I have an assignment for my linear Algebra II course which prompts me to disprove the following statement. Let $ A, B \in M_{n}\mathbb{(R)} $ be two matrices. $AB \in O(n) \implies A, B \in O(n) $. It's pretty clear that it isn't true as soon as you realize that $AA^{-1} = \mathbb{I_{D}} \in O(n)$ but $A$ isn't necessarily orthogonal. Nonetheless, another line of reasoning gave me a surprising result.

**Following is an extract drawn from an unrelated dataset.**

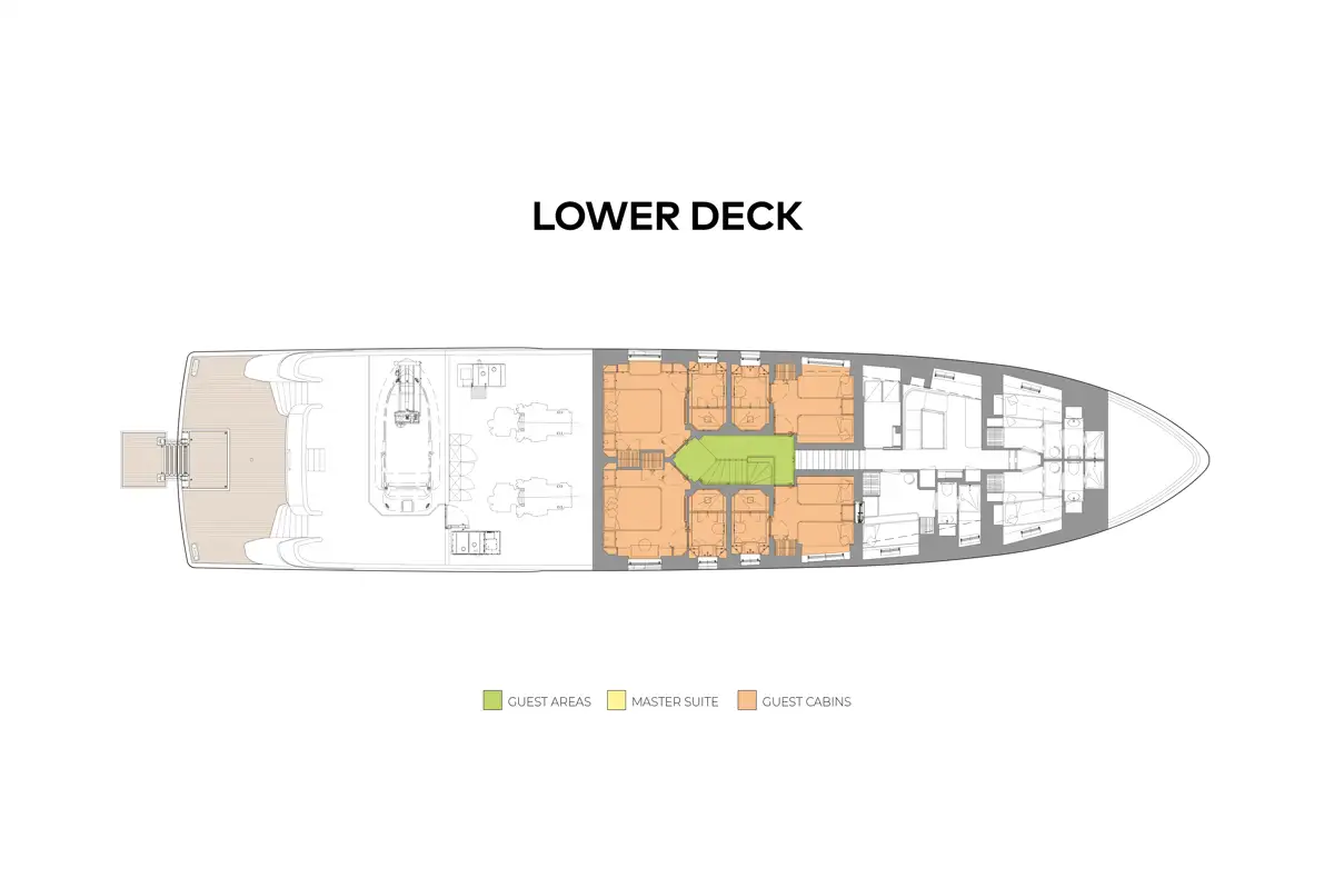 The spacious main deck is home to the large saloon, adjacent formal dining area, a large galley and an impressive master suite with His and Hers bathroom. Outside, main deck aft offers an additional lounge area with stairs leading down to the swimming platform providing easy access to the water.
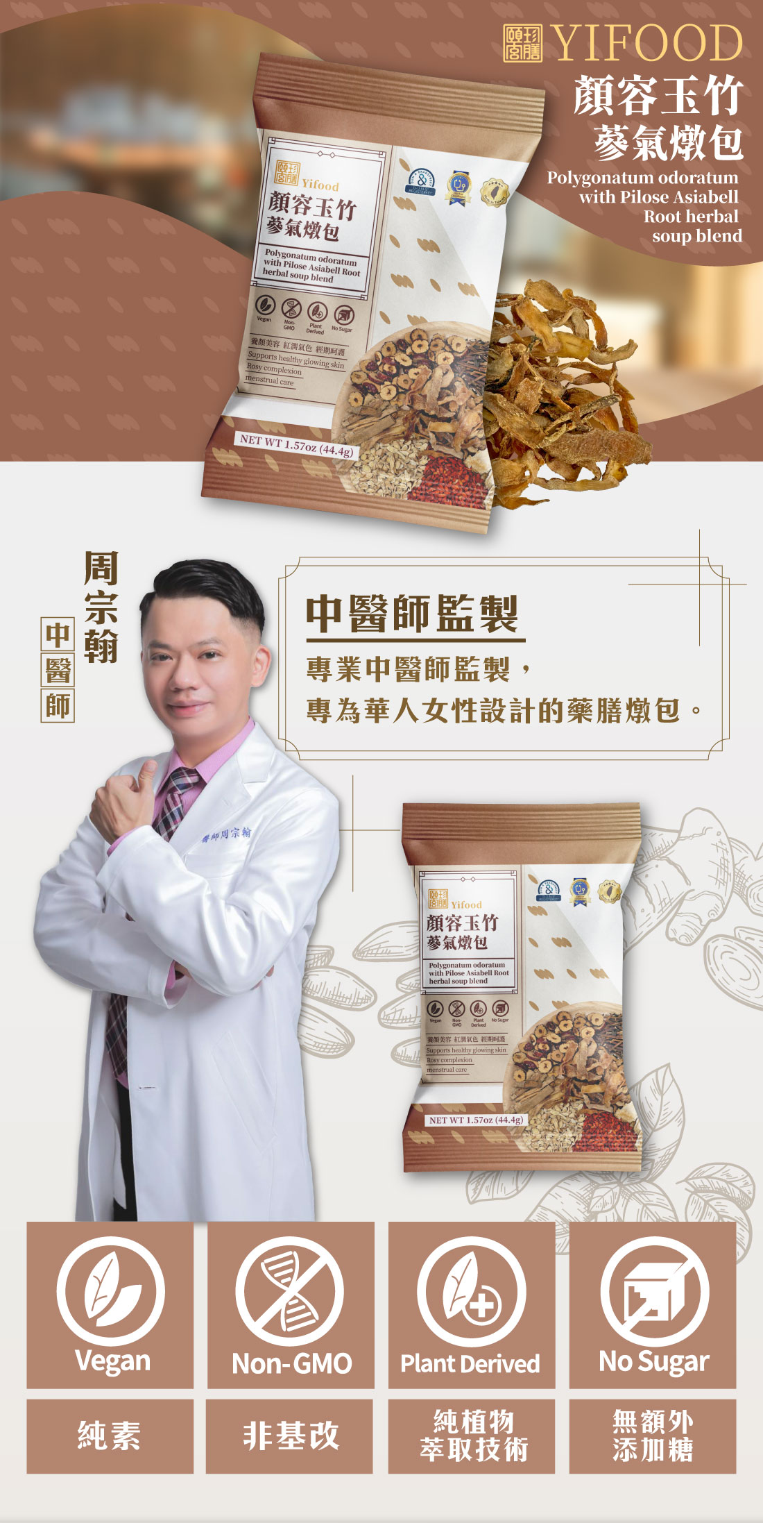 顏容玉竹蔘氣燉包Polygonatum odoratum with Pilose Asiabell Root herbal soup blend

By applying the definition of orthogonal matrices, and got: $AB \in O(n) \iff (AB)^{T}AB = \mathbb{I_{D}} $ and $ (AB)^T = (AB)^{-1} $ which implies that $A$ and $ B$ are invertible. Let $C = BB^T $ and consider:
$\begin{gather} (AB)(AB)^{T} &= \mathbb{I_{D}} \\ \iff(AB)B^{T}A^{T} &= \mathbb{I_{D}} \\ \iff A(BB^{T})A^{T} &= \mathbb{I_{D}} \\ \iff ACA^{T} &= \mathbb{I_{D}} \\ \end{gather}$
Since $ A$ is invertible, it follows that $A^T$ is invertible as well. Let $ D^{-1} = A^T$. Therefore, we get that:
$\begin{gather} ACD^{-1} &= \mathbb{I_{D}} \\ \end{gather}$
Which implies that $ C $ is similar to the identity matrix, and therefore that $B \in O(n) \implies A \in O(n)$. Can anyone point me where I'm wrong ? Probably made a wrong assumption without seeing it.